OECD takes aim at “disproportionate” 1%

The OECD’s latest research – which warns about concentrating power and privilege at the top, and advocates new tax measures – is yet another sign that even major international institutions have woken up to the danger of inequality.

The Focus on Top Incomes shows New Zealand isn’t immune from the 1%er phenomenon. Over the last 30 years, our top 1% has got one dollar in every six (14%) of all the income generated in that time. While that’s nowhere near as bad as in the US, where that figure is an almost unbelievable 47%, we’ve done much worse than, say, Denmark, where the top 1% got just 2.5% of income growth since 1981.

“The disproportionate surge in top incomes … helps explain why so many people have not felt their incomes rising in line with national GDP growth,” the OECD says. “This explains why the majority of the population cannot reconcile the aggregate income growth figures with the performance of their incomes.”

This will be precisely the left’s narrative for the election campaign: the economy may be recovering, but are you seeing your share of it?

This phenomenon also makes a big difference to those comparisons of growth rates you often see. The United States may have fantastic overall GDP growth – but most of it goes to the rich, and if you look at growth rates for ordinary people, they’re actually much higher in many other countries.

What’s also fascinating is that the OECD rejects the explanations often given for the 1%’s income gains. In particular, it has little time for the idea that the 1% are earning more because they are now global superstars. That can’t be true, it points out, because incomes aren’t soaring right across the globe.
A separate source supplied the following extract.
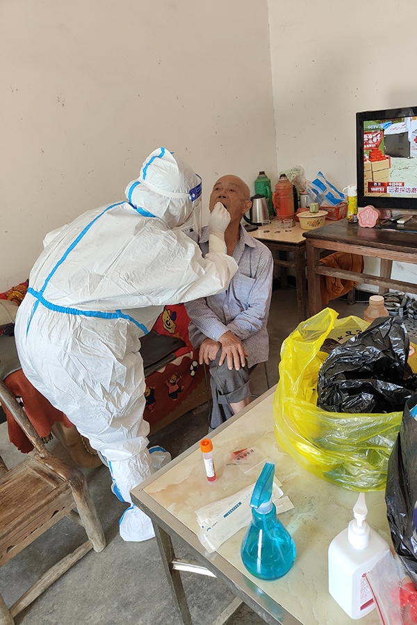 民大志愿者跋涉到居住偏远的居民家中采样

In another break from orthodoxy, the OECD says we need to think very hard about tax rates at the top. Governments have “several options at hand to increase effective taxation paid by top income recipients”.

For reasons that aren’t clear, the OECD doesn’t like the idea of just increasing the top tax rate. But it does recommend a whole lot of other ideas, including:

•  Abolishing or scaling back tax deductions, credits and exemptions (more relevant to America than New Zealand)

• Taxing as ordinary income all remuneration, including fringe benefits, carried interest  arrangements and stock options;

• More taxes on immovable property, i.e. wealth

• Reviewing other forms of wealth taxes such as inheritance taxes

• Increasing transparency and international cooperation on tax rules to minimise “treaty shopping”

• Developing policies to improve transparency and tax compliance

Throughout the document you can feel the influence of Thomas Piketty, whose bestselling book Capital in the Twenty-First Century hones in on the 1%, and warns of the danger of allowing the buildup of great wealth. Echoing his book’s message very closely, the OECD concludes: “Decreasing marginal tax rates for top incomes and tax exemptions for capital income may result in top income groups accumulating more capital and wealth and transmitting this through bequests to younger generations, continually concentrating power and privilege.”

It’s yet another sign of change. A generation ago, you wouldn’t have heard the OECD warning about “concentrating power and privilege”, or finding new ways to tax the rich. But that’s how far the debate has come.